The Reserve Bank of Australia will be meeting tomorrow for the final time this year, and while some are hoping for an interest rate drop in time for Christmas, it’s looking likely that interest rates will remain unchanged.
This year, we’ve all been left wondering how low rates could go, but while rates didn’t drop as low as some expected, we did see two rate decreases of 0.25% each in February and May, bringing the cash rate to a record low of 2%.
A few have tipped for an interest rate drop or two next year, but homeowners need to remember that just because the RBA lowers interest rates, it doesn’t mean that lenders will follow, as we have seen this year with Westpac, CommBank, NAB, ANZ and a large number of non-major lenders all making the move to lift their rates independently of the RBA.

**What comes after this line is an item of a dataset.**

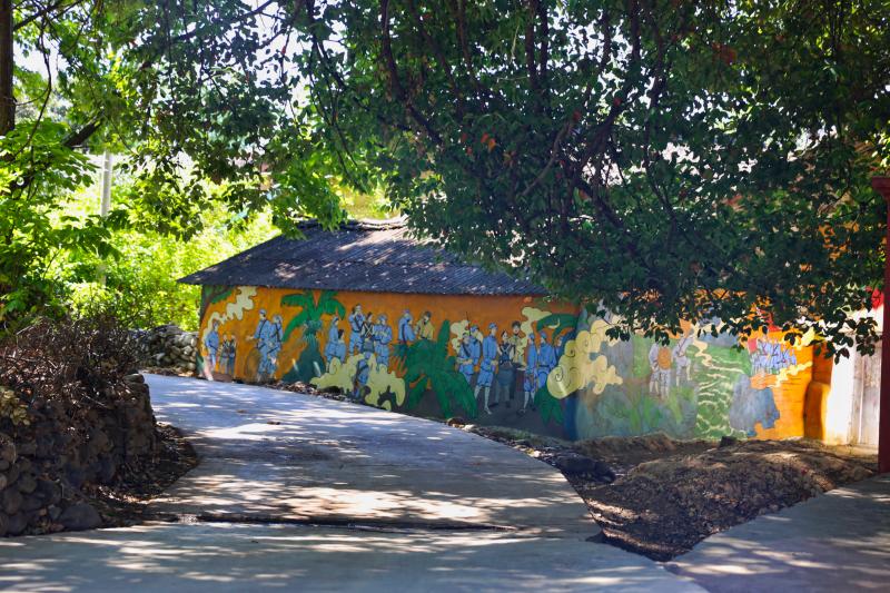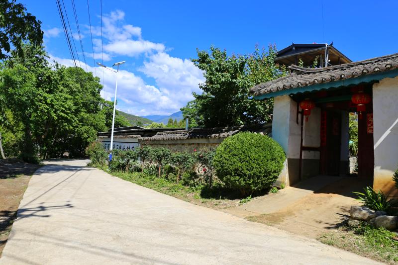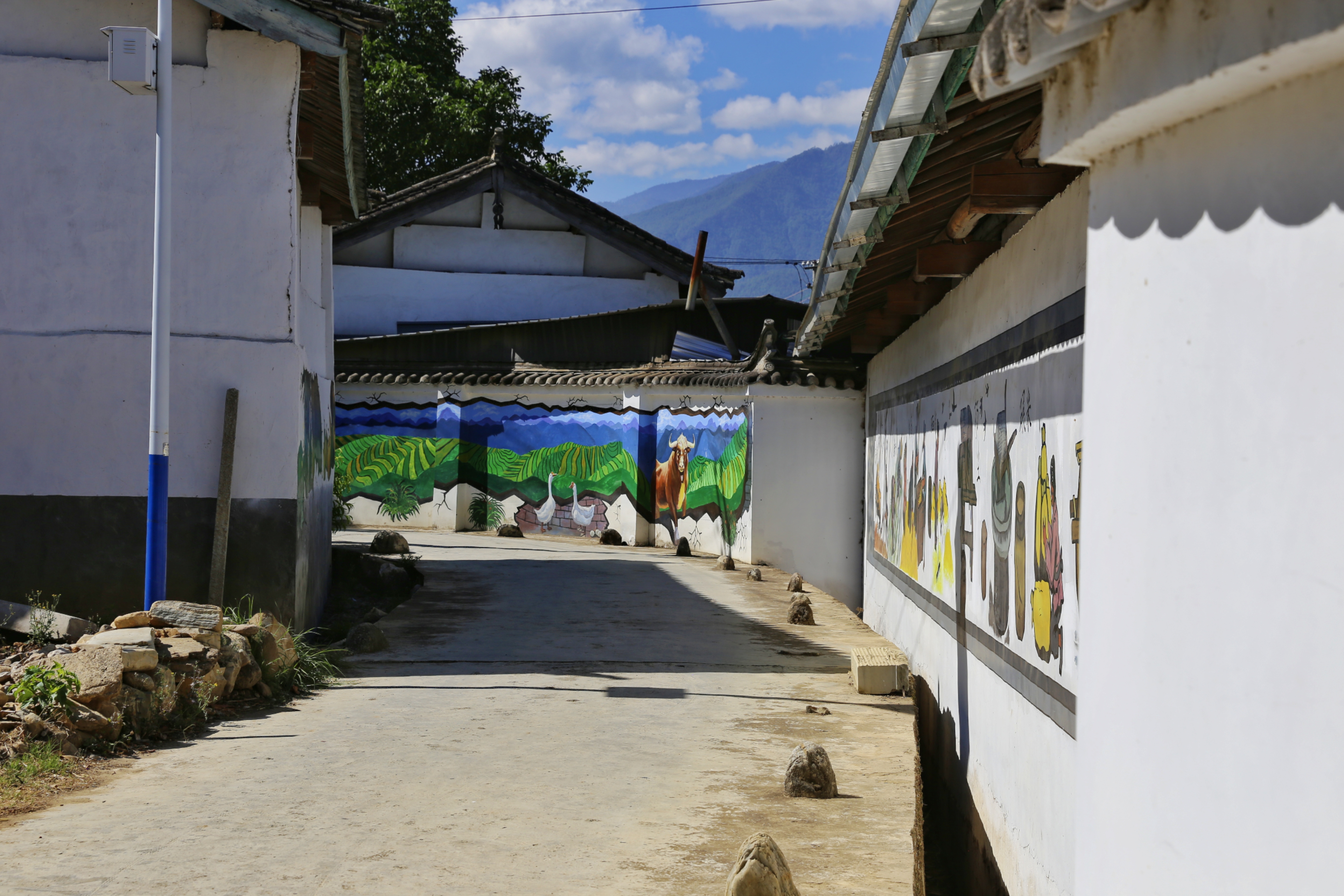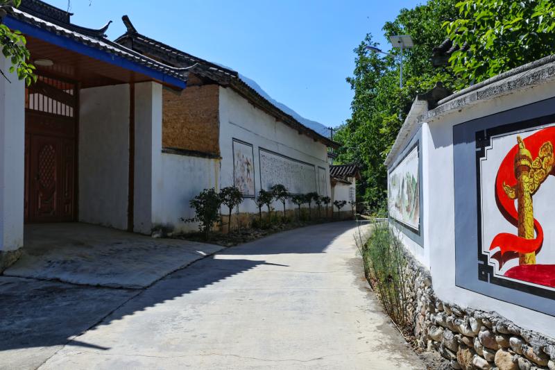 初夏時節,走進香格里拉市金江鎮吾竹村堆滿一組,映入眼簾的是遠山青黛、碧水田園,房前屋后古樹紅花相映,鄉間小道兩側果樹成蔭,一幅幅包含該村文化歷史的彩繪躍然墻上,漫步其間好不愜意。

For this reason, it’s worth keeping an eye on the interest rates you’re paying. According to a survey conducted by Mortgage Choice, one in five first homebuyers don’t know that lenders can raise their interest rates independently of the RBA.
It’s generally not common for lenders to move out-of-cycle to the RBA, however it can be argued that a rise in interest rates has been a good thing in helping to cool down overheated real estate markets in Australia.
However, it also means that some mortgage holders might be paying more on their home loans than they need to be, with not all lenders having chosen to raise their rates. Mortgage holders should take the time to periodically check their rates and fees and compare it with what else is available on the market to see if there are any savings to be made. If you need assistance then Professionals Finance can help you find the best home loan package to suit your needs.
It will be interesting to see where interest rates will go next year, but hopefully if they do drop then homeowners will see some of the savings too.
Where do you think interest rates are headed? Will they change at tomorrow’s RBA meeting?